[Record set]:
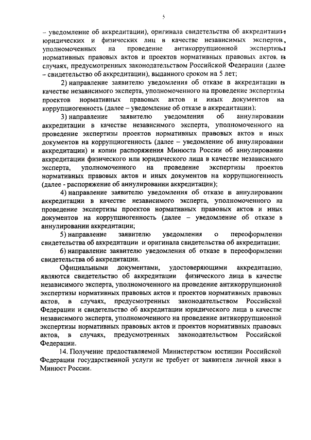 "ОБ УТВЕРЖДЕНИИ АДМИНИСТРАТИВНОГО РЕГЛАМЕНТА МИНИСТЕРСТВА ЮСТИЦИИ РОССИЙСКОЙ ФЕДЕРАЦИИ ПО ПРЕДОСТАВЛЕНИЮ ГОСУДАРСТВЕННОЙ УСЛУГИ ПО ОСУЩЕСТВЛЕНИЮ АККРЕДИТАЦИИ ЮРИДИЧЕСКИХ И ФИЗИЧЕСКИХ ЛИЦ, ИЗЪЯВИВШИХ ЖЕЛАНИЕ ПОЛУЧИТЬ АККРЕДИТАЦИЮ НА ПРОВЕДЕНИЕ В КАЧЕСТВЕ НЕЗАВИСИМЫХ ЭКСПЕРТОВ АНТИКОРРУПЦИОННОЙ ЭКСПЕРТИЗЫ НОРМАТИВНЫХ ПРАВОВЫХ АКТОВ И ПРОЕКТОВ НОРМАТИВНЫХ ПРАВОВЫХ АКТОВ В СЛУЧАЯХ, ПРЕДУСМОТРЕННЫХ ЗАКОНОДАТЕЛЬСТВОМ РОССИЙСКОЙ ФЕДЕРАЦИИ"
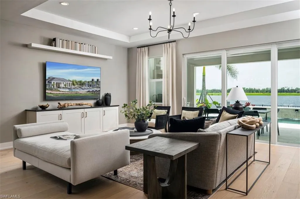 Pre-Construction. Waterfront Luxury Living | Brand-New Construction in Punta Gorda, FL Welcome to your dream home in paradise! This stunning new construction residence offers refined coastal luxury and serene waterfront views in one of Punta Gorda’s most sought-after new communities. Perfectly positioned with desirable northwest exposure, the beautifully landscaped backyard opens to breathtaking water vistas—an idyllic setting for unforgettable sunsets and tranquil evenings. Designed with both elegance and functionality in mind, this home features a light-filled open-concept floor plan that seamlessly connects indoor and outdoor living. The showstopping gourmet kitchen is a true centerpiece, featuring an oversized island with exquisite navy and white cabinetry, sleek quartz countertops, and top-of-the-line stainless steel appliances, including an electric cooktop, wall oven, microwave with glass touch controls, and a stylish vented hood. The great room, drenched in natural light, flows effortlessly into the dining and entertaining spaces—all capturing stunning water views that set the tone for luxury living. Retreat to the serene primary suite, where expansive windows frame peaceful water views, and unwind in your spa-like en-suite bath complete with quartz counters, wood cabinetry, and modern finishes. Throughout the home, luxury vinyl plank flooring adds warmth and durability—no carpet, just clean lines and contemporary comfort. Built to the highest standards, this home includes hurricane impact glass windows and doors, the latest building codes, and a comprehensive builder warranty for your peace of mind. There’s plenty of room to design your custom pool oasis, creating the ultimate Florida lifestyle in your own backyard. And just beyond your doorstep, an exciting new waterfront amenity center is underway—featuring a clubhouse, resort-style pool and spa, fitness center, yoga lawn, BBQ areas, and both pickleball and tennis courts. Don’t miss this rare opportunity to own a slice of waterfront luxury in Punta Gorda—where every day feels like a vacation. Please see MLS supplements for floor plan layout. Lot 318.
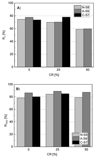 Figure 6 shows the conductivity and the TOC reduction values calculated for selected MTWs, which turned out to be relatively high. According to other researchers, the retention of NaCl on nanofiltration membranes usually ranges from 20% to 40% [18,27]. During the concentration of the MTW containing N-S7 or A-S8, the reduction in conductivity was smaller. Therefore, the results are consistent with the literature data. During the transport of solutes from the feed solution onto the membrane surface, the concentration of the solute on the surface is higher than in the feed, leading to concentration polarization. This causes a gradual increase of salt concentration in the permeate [13]. For MTWs containing a cationic surfactant, the effect was opposite, i.e., the rejection of salt increased. This may have implied strong adsorption of organic compounds onto the membrane surface. A heavily fouled membrane often shows better separation properties because of the reduction in pore size.
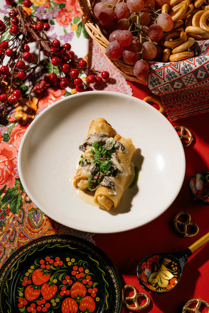 Блины с мясом и сморчками, оладьи со шпинатом и лососем, торт блинный с меренгой и торт-роскошная роза — Масленица в ресторане «Сахалин» — это безусловное гастрономическое событие.
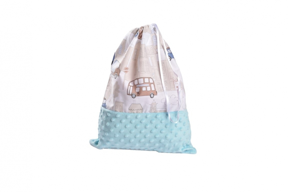 Saculet pentru cresa si gradinita model Masinute din bumbac si minky bleu
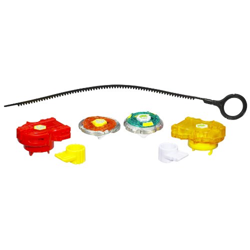 Turn up the excitement with these awesome customizable tops. Choose among each top's five pieces and use the assembly tool to engineer just the right performance. Battling on a high-profile track? Your Rock Leone top will need its Spin Track: 145 piece. Need aggressive movement? Be sure to include the Performance Tip: F on your Flame Bull top. Then, set each up on their launchers, pull the ripcords and send them spinnin'g into action. Sharpen your skills or battle it out in any Beystadium arena. The Rock Leone top includes Face Bolt, Energy Ring: Leone, Fusion Wheel: Rock, Spin Track: 145 and Performance Tip: WB pieces and comes with a Ripcord Launcher and assembly tool. The Flame Bull top includes Face Bolt, Energy Ring: Bull, Fusion Wheel: Flame, Spin Track: 100 and Performance Tip: F pieces and comes with a Ripcord Launcher and assembly tool.

[What to work on]: Take the lines from the one holding "Saculet pentru cresa" through the final line of the records above and output them exactly, both ends included, excluding pictures.

[Written response]:
 Saculet pentru cresa si gradinita model Masinute din bumbac si minky bleu
 Turn up the excitement with these awesome customizable tops. Choose among each top's five pieces and use the assembly tool to engineer just the right performance. Battling on a high-profile track? Your Rock Leone top will need its Spin Track: 145 piece. Need aggressive movement? Be sure to include the Performance Tip: F on your Flame Bull top. Then, set each up on their launchers, pull the ripcords and send them spinnin'g into action. Sharpen your skills or battle it out in any Beystadium arena. The Rock Leone top includes Face Bolt, Energy Ring: Leone, Fusion Wheel: Rock, Spin Track: 145 and Performance Tip: WB pieces and comes with a Ripcord Launcher and assembly tool. The Flame Bull top includes Face Bolt, Energy Ring: Bull, Fusion Wheel: Flame, Spin Track: 100 and Performance Tip: F pieces and comes with a Ripcord Launcher and assembly tool.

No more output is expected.